Homework Help: Lever with spread load: formula

Do you know about "the principle of lever " ? Minimum force you'd require will balance the load of 5000 kg. Hence lever will be in equilibrium. Clockwise and anticlockwise moments will add up to 0.

 

Assuming the 5t load is uniform, you can take it as acting through its centre of mass. Can you post the equation you get?

 

So what was your attempt?

Posting this is a requirement of the forum and Haruspex has already offered a hint.

By the way a simpler and smaller diagram would make things easier for you.

 

Is that an equation?

 

Well, like I said, I think your diagram makes it more difficult for yourself.

I assume that the mechanism is turned through 90 degrees and is actually some sort of beam balance with force F applied by some sort of bent arm?

You have correctly (I hope) taken the appropriate perpendicular distance for the moment arm for F about the pivot.

However if you wrote a proper equation (an equation has an equals sign!!) it would (should) become apparent that you have omitted something on the other side.
Do we measure force in kg?

 

That looks right, but don't forget g.

 

What units do you use for force in your school?

 

So do you understand what haruspex was getting at?

 

OK I have sketched your arangement as I understand it.

5000kg is 5 tonnes ie quite a heavy block so I have drawn the pivot mounted near the edge of something solid and the restraint as the bent arm being tied to the vertical face of the support.

Now moment = force time distance from the line of action of the force to the pivot.

So the block exerts a moment equal due to the downward force of gravity on its mass.

This downward force is given by multiplying its mass (5000kg) by g to get a force in newtons.

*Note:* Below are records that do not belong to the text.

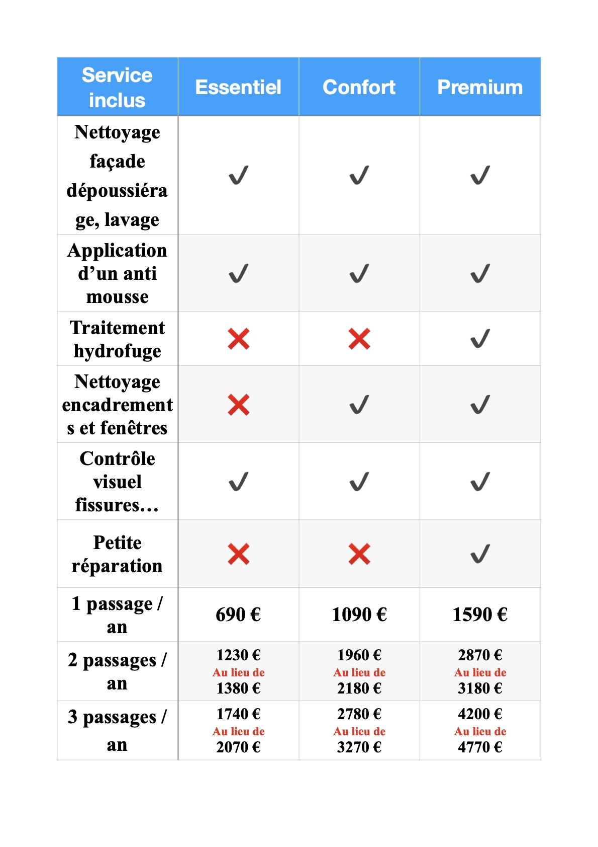 En choisissant un contrat annuel d’entretien de façade, vous profitez de murs impeccables toute l’année, tout en évitant les réparations lourdes et coûteuses.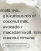 Wer liebt nicht einen guten Twist? Entdecke den Duft von Coconut Twist und tanze ein bisschen. Mit Noten von Kokosmilch, Avocado und Macadamiaöl duftet deine Dusche wie das Kokosnuss-Nirvana.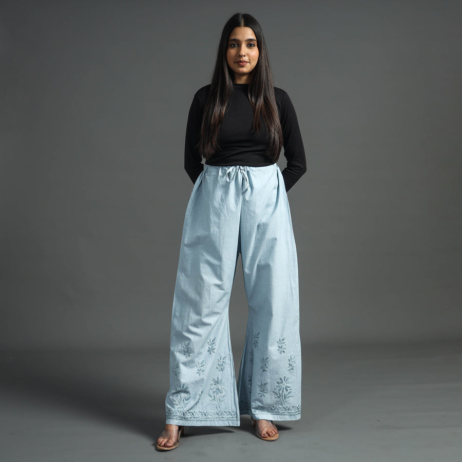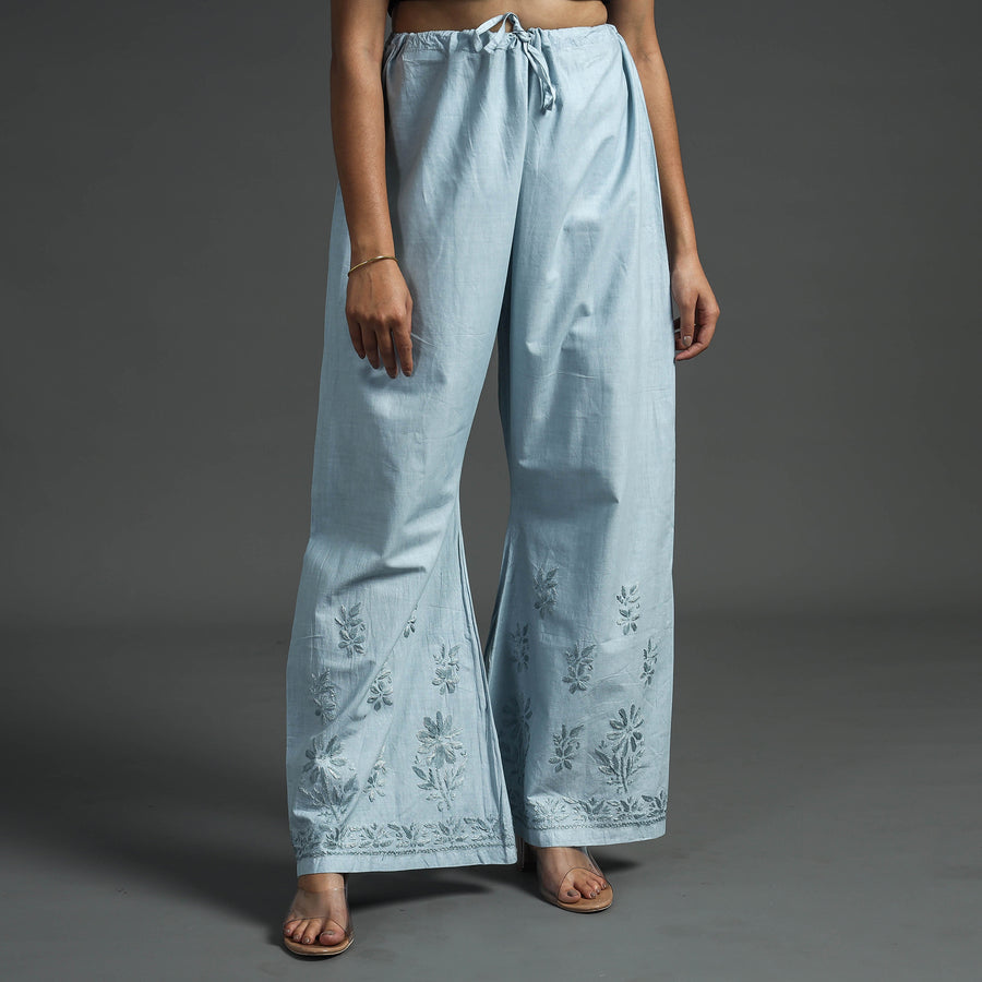 Intricate and artfully done lucknowi chikankari hand embroidery cotton palazzo. Chikankari is a traditional textile decorative from Lucknow. It is very delicate and intricate hand embroidery work where thread is embroidered on cool, pastel shades of light cotton garments.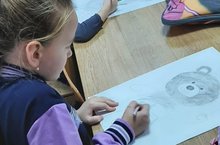 На день рождения знаменитого мишки юные художники объединения "Радуга творчества" подготовили тематические рисунки.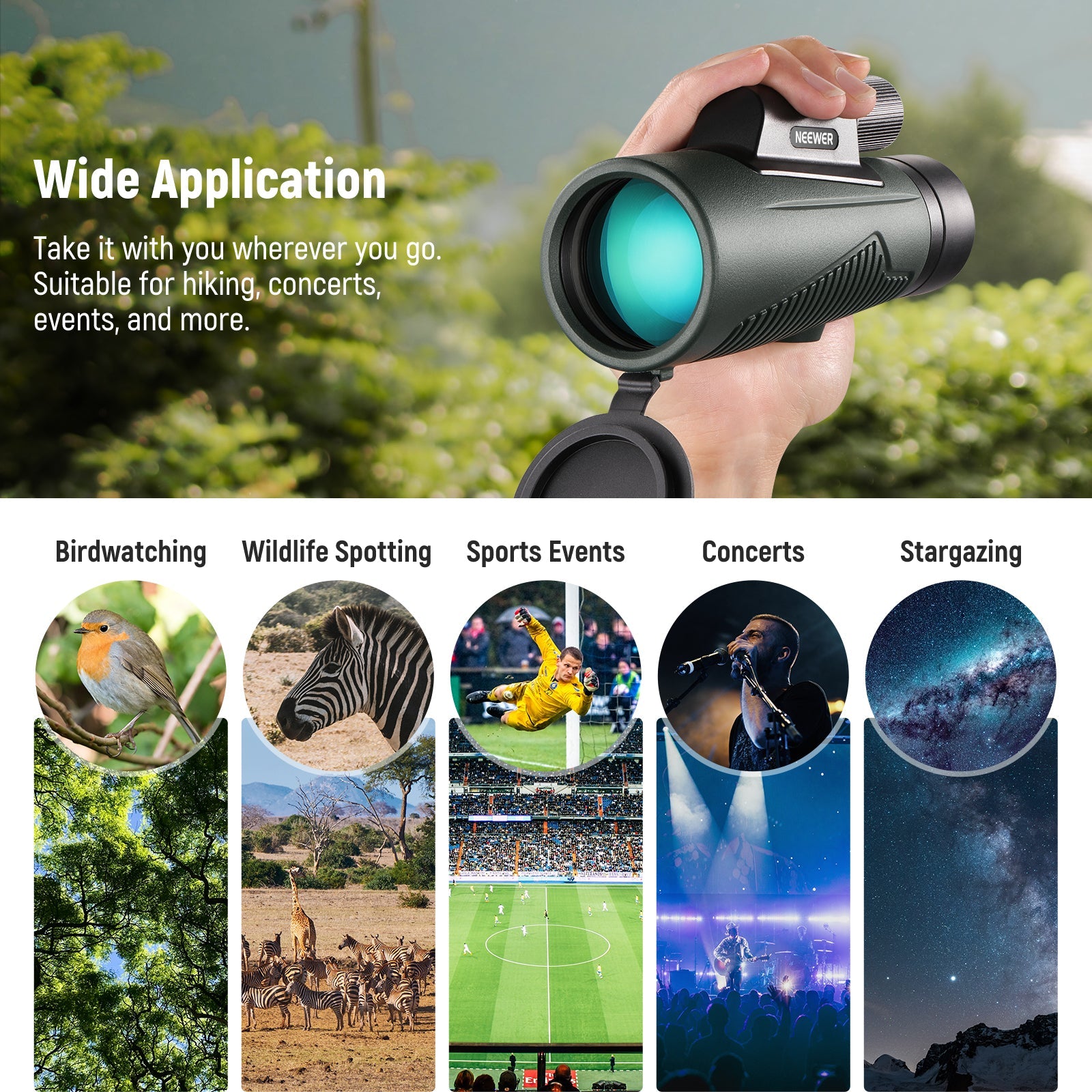 - Diseñado para una amplia aplicación : obtenga una vista clara para la observación de aves, observación de vida silvestre, fotografía de paisajes, eventos deportivos, observación astronómica, observación de estrellas, conciertos, caminatas, caza, visitas turísticas, campamentos y otras actividades. Se incluye un estuche de transporte para almacenamiento y transporte seguros.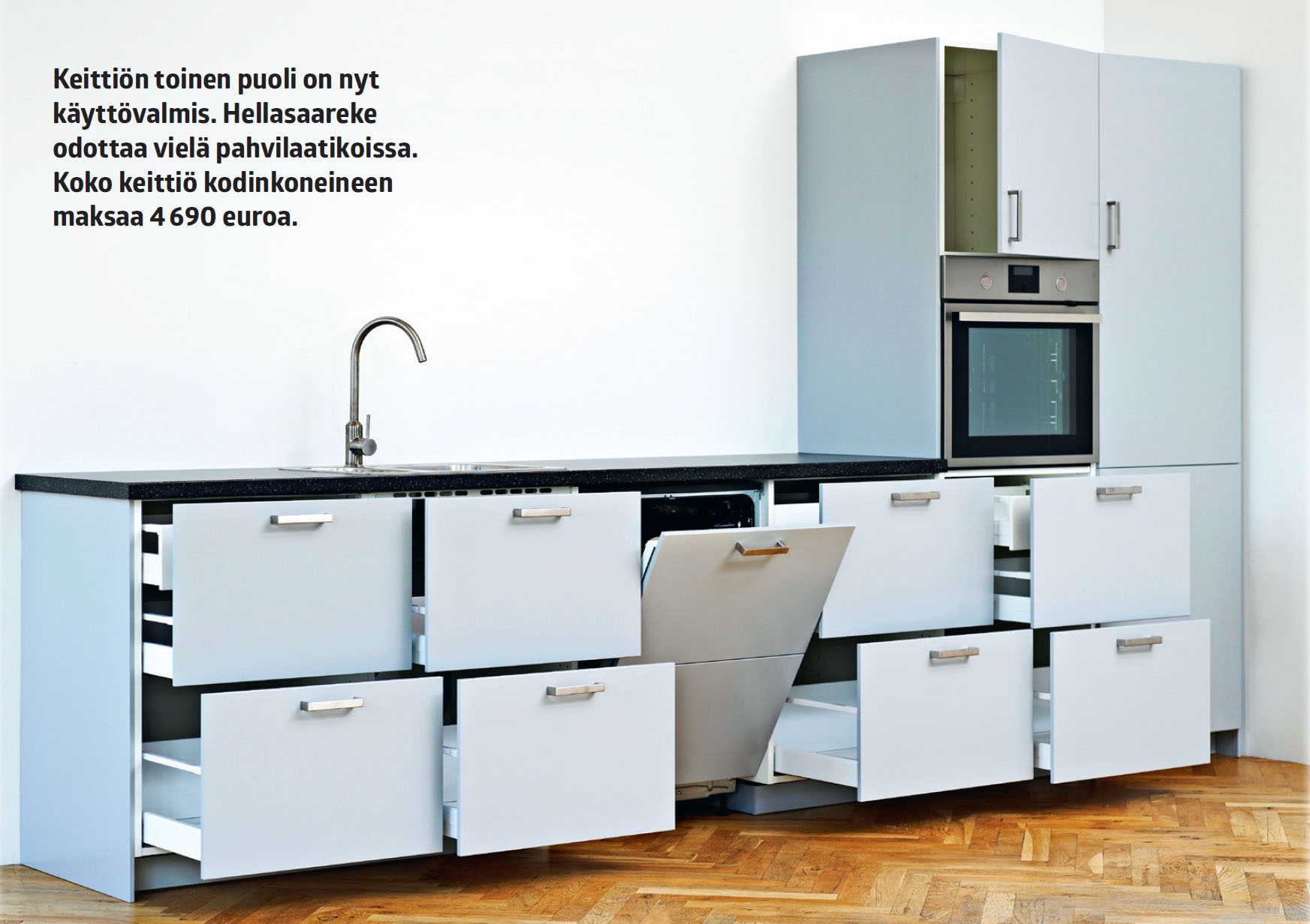 Samasta kaupasta ostatut kaapit ja koneet sopivat varmasti yhteen. Nämä koneet ostettiin Ikeasta. Se rajoittaa valikoimaa, mutta helpottaa työtä.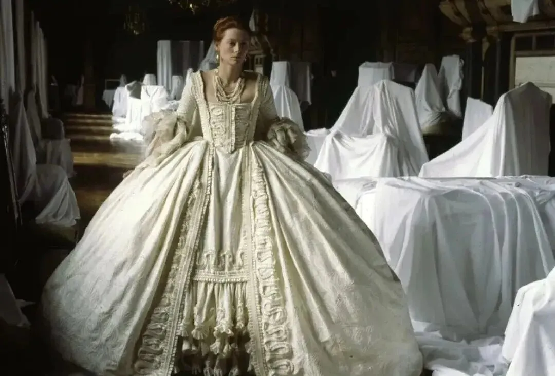 其中的一些造型似乎致敬了1992年的电影《奥兰多》,格局感十足的连衣裙辅以精致而繁复的刺绣、长手套与披挂式细节,配有伊丽莎白时期经典的拉夫领,把历史权力与舞台感并置。

So the block exerts an anticlockwise moment of 5000g newtons.

This is balanced by a clockwise moment of F times y newtons.

I mentioned that I hope you understood the correct distance since in your diagram x = y.
Would you have got it correct if x did not equal y?

An equation contains an equals sign so an equation is

5000 x g x 1.25 = F x 0.8

I am using consistent units here (length in metres) . If you work in millimetres you may get the wrong answer if asked for the force.

In the second diagram I have shown a different block that does not extend the whole length of the left hand side.

This is to show that the principle is the same.

Can you see this?

 

Vertical equilibrium tells you that the upward reaction at the pivot must equal the weight of the block.

Can you tell me what horizontal force must act to balance the tie force F?
I haven't shown it on my diagram

 

It would help if you indicated your level of knowledge.

Do you know about the three conditions for static equilibrium?

That is

1)The algebraic sum of the vertical forces = 0 (sum of downward acting forces = sum of upward acting forces)

2)The algebraic sum of the horizontal forces = 0 (sum of leftward acting forces = sum of rightward acting forces)

3)The sum of the clockwise moments = The sum of the anticlockwise moments

We used (3) to calculate F from W and the geometry.

However geometry doesn't enter into (1) and (2).

You asked me what force acts on the pivot.

 

That is why I asked about your level of knowledge.

This is not a criticism, but there is no point describing things in terms you have not met.

You drew a horizontal force originally preventing the beam holding the block from tipping. A horizontal force is not a weight.